Horn: Da gibt es keine verlässlichen Schätzungen. Aber wenn wir alles zusammenrechnen, sind wir schnell bei Milliarden. Gucken wir mal: Unter dem Schlagwort Chemikalienregistrierung müssen seit Jahren Chemikalien, die auf den Markt gebracht werden, registriert und mit Sicherheitsdatenblättern et cetera versehen werden. Bis jetzt war das immer noch für große Chemikalienmengen, die hergestellt werden, vorgeschrieben. Da kostete eine Registrierung schnell mal eine Million Euro. Es sind tatsächlich ungefährliche Chemikalien vom Markt genommen worden, weil die Registrierung zu teuer war. Da entsteht ein massiver wirtschaftlicher Schaden.

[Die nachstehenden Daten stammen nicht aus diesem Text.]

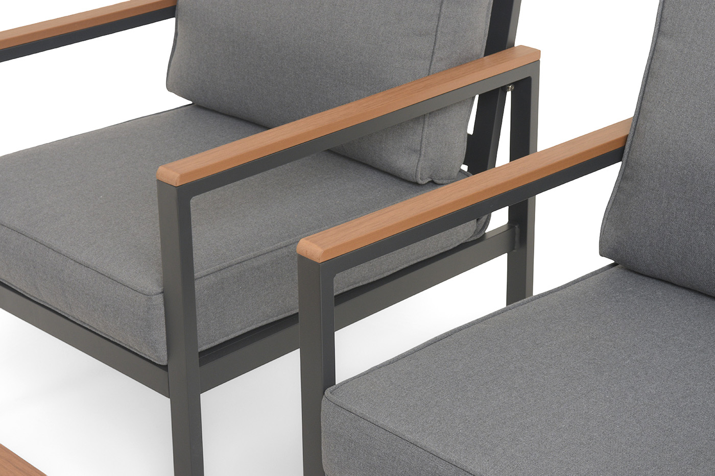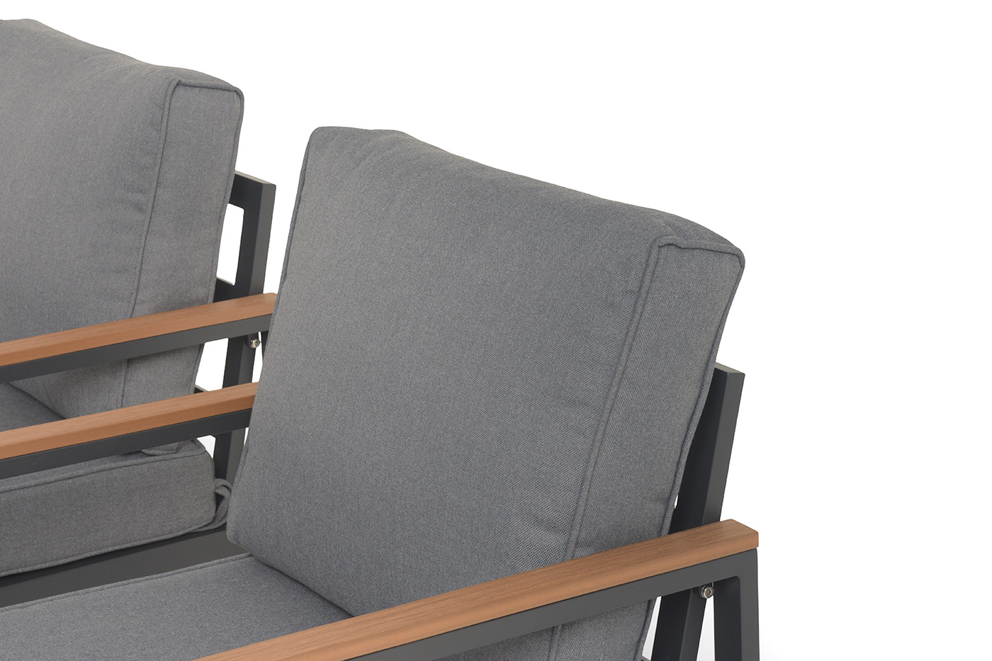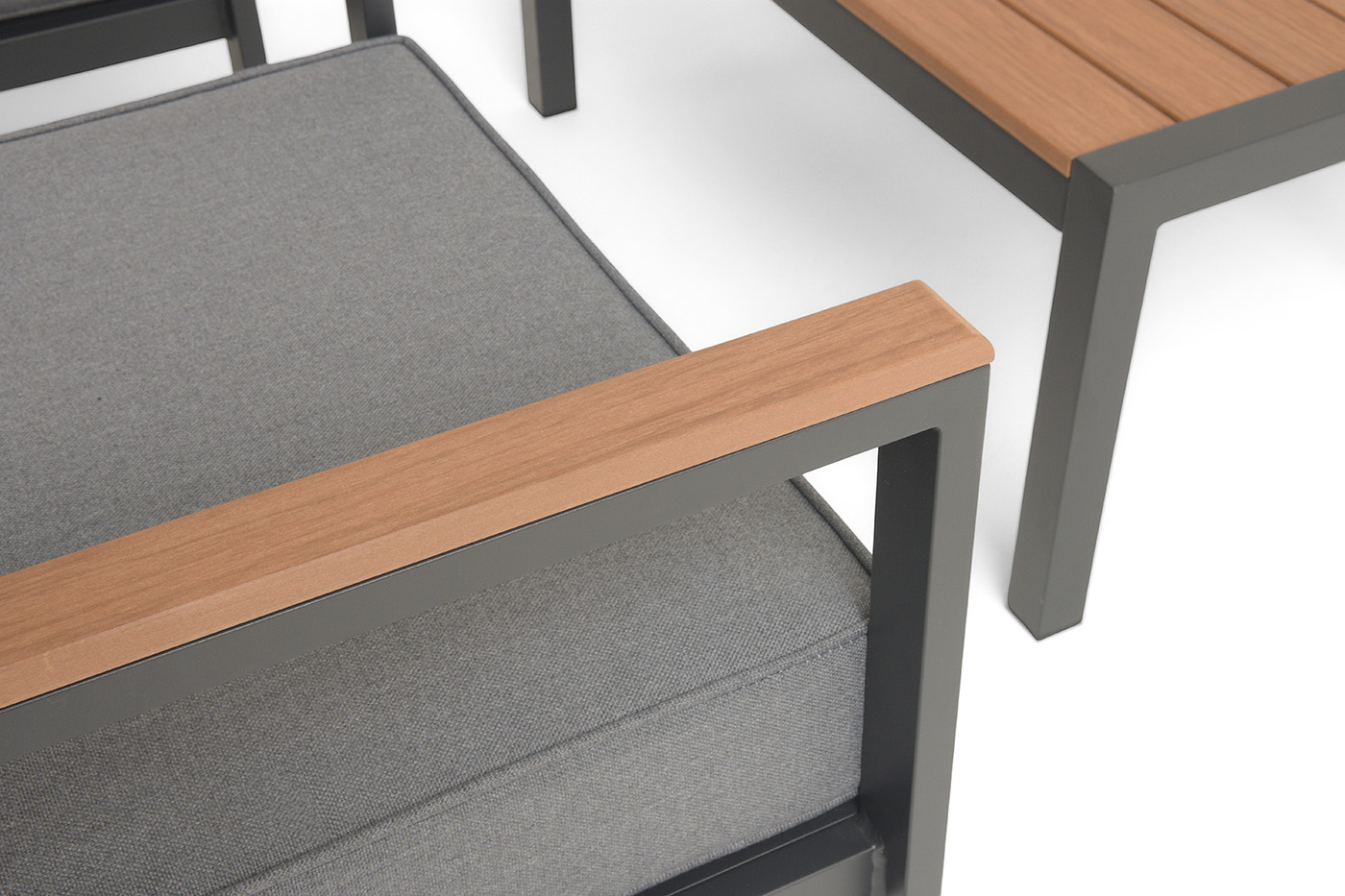 Каркас мебели выполнен из прочного алюминия темно-серого цвета. На подлокотниках дивана и двух кресел установлен облицовочный материал из древесно полимерного композита (ДПК) цвет «дерево». Крепление к каркасу осуществляется на болтах с пластиковыми заглушками темно-серого цвета, которые не ржавеют. Комплект дополняют подушки со съёмными чехлами. Материал чехлов - 100% полиэстер плотностью 190гр/м2.

Und in Zukunft werden auch in Kleinstmengen hergestellte Chemikalien registriert werden müssen. Das heißt, auch Kleinbetriebe sind von dieser gigantischen Registrierungsnorm betroffen. Und dann bin ich mal gespannt, wie viele Chemieunternehmen tatsächlich vom Markt verschwinden werden. Das macht mir Angst!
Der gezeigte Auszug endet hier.